Y nada garantiza que el que cae regrese pronto. América, el equipo que tiene de símbolo un diablo, luchó cinco años para salir de ese infierno. Cortuluá es otro que conoce bien ese drama. Su presidente, Ignacio Martán, ha vivido la bonanza del lado A y la crisis del lado B. “Si estás en la B, vales un peso; si estás 
en la A, vales mil”, dice.

Afirma que una mala decisión puede costar un descenso. La suya, afirma, fue apostar por jugadores jóvenes, lo cual puede ilusionar una vez, pero no dos.

“Es muy feo estar en la B. No tienes difusión, no podemos vender un producto. Yo prefiero no tener plata, pero ser mediático, que me vean, así vendo. En la B no valemos nada. No nos transmiten, en los medios no existimos. A los patrocinadores no les importamos. La B es el caos”, dice Martán.

El tránsito del descenso lo padecen los que realmente quieren estar en la A. Lo curioso es que hay unos que se quedaron a vivir en la B. Quindío es su inquilino desde 2013. Unión Magdalena pasó 13 años antes de ascender en 2019. Real Cartagena vive ahí desde 2012. Esas estadías de segunda clase han hecho correr el mito de que hay equipos que no tienen afán por dejar la B, donde en todo caso reciben los dineros de la TV. Los equipos clase A (que llevan tres años seguidos en Primera) se llevan la parte grande del pastel, incluso si están en la B: un 90 por ciento dividido en partes iguales. Y nadie los obliga a invertir.

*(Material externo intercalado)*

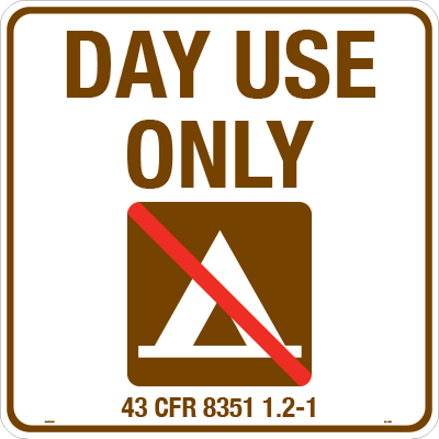 90-112324 x 24 x .080 Alum. Sign - "Day Use Only - No Camping", Wht/Brn/Red, EG

“Hay equipos de la A en la B y algunos sí queremos ascender, como Huila o Cortuluá (actualmente en los cuadrangulares del ascenso), pero otros son cómodos y no les importa eso. Y hay otros clase B, que están en la B, a los que no les importa nada. Sobreviven porque no hay un descenso a una C, son equipos anticompetitivos”, agrega Martán.

Boyacá Chicó

Boyacá Chicó

Foto:

Dimayor

Para Carlos González Puche, director ejecutivo de Acolfutpro, el impacto de irse a la B depende de qué equipo cae y con qué intenciones de regresar. “En este momento de pandemia, sin hinchas, no hay impacto desde lo económico. Si desciende Chicó o Pereira, ambos son tipo A, por lo tanto ganarán lo mismo que ganan ahora. Van a tener una competencia mucho menos exigente y no van a tener que preocuparse por descender.La decisión es qué tanto inviertan para buscar el ascenso, porque a muchos eso no les preocupa». 

El sistema caníbal

Chicó y Pereira fueron los últimos ascendidos, hace año y medio, y ya están en el abismo del regreso. Padecen la lógica del sistema del descenso, en el que se acumulan los puntos de los últimos seis torneos, solo que los que ascienden entran a jugarse la vida con los mismos puntos del último que se salvó.

Chicó y Pereira no alcanzaron a quitarse ese lastre, y por eso uno de los dos caerá. En las asambleas de la Dimayor han propuesto modificaciones a este sistema, como que el descenso sea directo: una mala campaña sería la condena para irse a la B. Pero el fantasma asusta a más de uno.

Claro, no solo este sistema caníbal condena. Hay quienes hacen sus propios méritos. Pereira es un club que está en proceso de liquidación desde 2013, por sus deudas incumplidas. Este campeonato arrancó con un DT y ya tiene otro, con el que logró reaccionar. Apenas ha ganado 3 partidos y acaba de recibir una multa de $ 36 millones por emplear jugadores con covid frente al DIM.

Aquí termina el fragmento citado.